If the Four Horseman of the Apocalypse gang banged each other and had a kid, it would look like the creature I woke up next to this morning.
she's naming her girl london marie
that kid will be born with a tramp stamp
Hungover Fun Fact #4: Eating a grilled stuffed burrito WILL make you blow chunks in the ice maker at work.
The family from the blindsided came and talked to us last night. The dad owns 68 taco bells. You would have been so inspired
mary just dropped the yahtzee dice in her wine. and shes throwin em like shes on a craps table.
hahahaha slap the bag.
My vag has a bald spot.
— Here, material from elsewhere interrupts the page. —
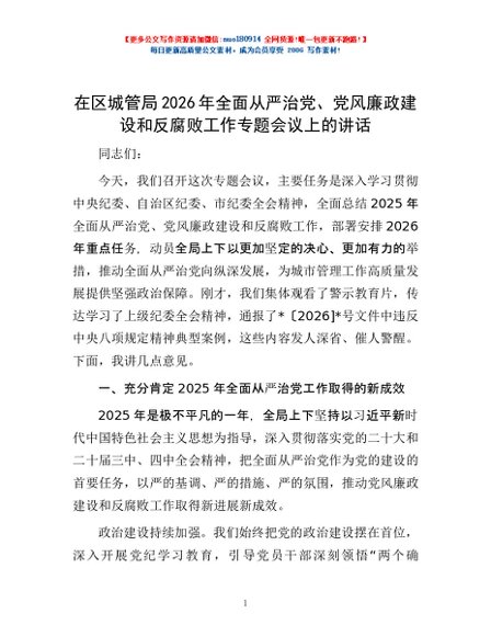 / 在区城管局2026年全面从严治党、党风廉政建设和反腐败工作专题会议上的讲话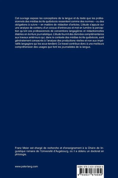 Cet ouvrage expose les conceptions de la langue et du texte que les professionnels des médias écrits québécois ressentent comme des normes - ou des obligations à suivre - en matière de rédaction d'articles. L'étude s'appuie sur une analyse de contenu d'un corpus d'entrevues et met en lumière la perception qu'ont ces professionnels de conventions langagières et rédactionnelles établies en écriture journalistique. L'étude fournit des données complémentaires aux travaux antérieurs qui, dans le contexte des médias écrits québécois, sont généralement consacrés à l'analyse des productions réelles et non aux impératifs langagiers qui les sous-tendent. Ce travail contribue donc à une meilleure compréhension des usages que font les journalistes de la langue.

That is so middle aged. Is this my midlife crisis?
She clicked her fingers, said "here boy!", and pointed at her vagina.
He walks in. We each have a tiki torch. We say, the tribe has spoken. We put his out and then stab him with it.
Great news! In less than 2 hours, I'm ripping your underwear off with my teeth!
You ran down the alley towards a stranger screaming "you took my beer".... Then proceeded to run into a garage, fall down, and scream about how your shirt makes you look fat.
That's the 3rd time in 6 months I woke up on the hallway floor using a towel as a blanket, no clue how I got there. At least back when I was still drinking I could blame something other than myself for that kind of shit.
You should go to AA meetings and warn people about the dangers of sobriety.
You grabbed your house keys, threw them at the door and asked, "did it open?"
I wish there was a morning after pill for dominoes.
Dicks are not precious.
I just took a condom out of my purse and opened it in front of my entire family because I thought it was a wetnap. Way too hungover for family brunch.